Both parties .agree that the standard that applies at the enforcement stage is whether the NLRB “plainly lacks” jurisdiction. EEOC v. Karuk Tribe Housing Auth., 260 F.3d 1071 (9th Cir.2001). As we noted in Karuk Tribe,

[998]*998[j Judicial intervention prior to an agency’s initial determination of its jurisdiction is appropriate only where: (1) there is clear evidence that exhaustion of administrative remedies will result in irreparable injury; (2) the agency’s jurisdiction is plainly lacking; and (3) the agency’s special expertise will be of no help on the question of its jurisdiction.

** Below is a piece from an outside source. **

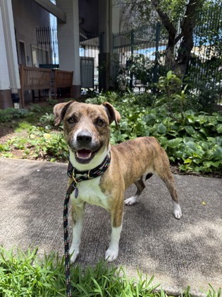 Meet Roland! Roland is a handsome brindle boy with a gentle heart and a soft, sweet nature. He can be a little shy at first, but underneath that quiet exterior is a dog who absolutely loves affection and just wants to be close to his people. He’s currently learning how to walk on a leash and is making great progress, especially when treats are involved—those are definitely his love language! With a little patience and encouragement, Roland will continue to build confidence and blossom. Once he feels safe, Roland is all about the cuddles. He’s the kind of dog who will happily curl up next to you and soak in all the love you have to give. Roland is looking for a kind, patient home that will help him come out of his shell and show him the world isn’t so scary. In return, you’ll get a loyal, loving companion who just wants to be by your side. Could Roland be your new cuddle buddy? Come meet him today at the Mo'ili'ili campus today!

Id. at 1077 (quoting Marshall v. Burlington N., Inc., 595 F.2d 511, 513 (9th Cir.1979)).1 There can be no serious dispute that the irreparable injury and lack of expertise prongs are met, Karuk Tribe, 260 F.3d at 1077, therefore we turn to the jurisdictional issue.

m

Chapa-De contends that the National Labor Relations Act, 29 U.S.C. §§ 151-169 (NLRA), is not a statute of general applicability and does not apply to Indian tribes because the NLRA has exemptions. But exemptions alone are not dispositive. The issue is whether the statute is generally applicable, not whether it is universally applicable. We have previously held that other federal statutes that contain exemptions are nevertheless generally applicable. See, e.g., Donovan v. Coeur d’Alene Tribal Farm, 751 F.2d 1113, 1115 (9th Cir.1985) (the Occupational Safety and Health Act (OSHA)); Lumber Indus. Pension Fund v. Warm Springs Forest Prods. Indus., 939 F.2d 683, 685 (9th Cir.1991) (the Employee Retirement Income Security Act (ERISA)); United States v. Baker, 63 F.3d 1478, 1484-85 (9th Cir.1995) (the Contraband Cigarette Trafficking Act (CCTA)). Regardless, Chapa-De argues that we should follow7 the Tenth Circuit’s decision in NLRB v. Pueblo of San Juan, 276 F.3d 1186 (10th Cir.2002), which held that the NLRA did not preempt tribal governments from enacting a right-to-work ordinance. However, Pueblo of San Juan is not persuasive because the court there expressly noted that the “general applicability of federal labor law is not at issue.” Id. at 1191. In any event, the NLRA is not materially different from the statutes that we have already found to be generally applicable. Its exemptions are relatively limited (Chapa-De points only to the fact that the NLRA exempts public sector employers and has been construed not to apply to church-controlled and operated schools),2 and it is clear that the statute’s reach was intended to be broad. NLRB v. Reliance Fuel Oil Corp., 371 U.S. 224, 226, 83 S.Ct. 312, 9 L.Ed.2d 279 (1963) (“Congress intended to and did vest in the Board the fullest jurisdictional breadth constitutionally permissible under the Commerce Clause.”). We conclude that just as OSHA, ERISA and CCTA are statutes of general applicability, so too is the NLRA.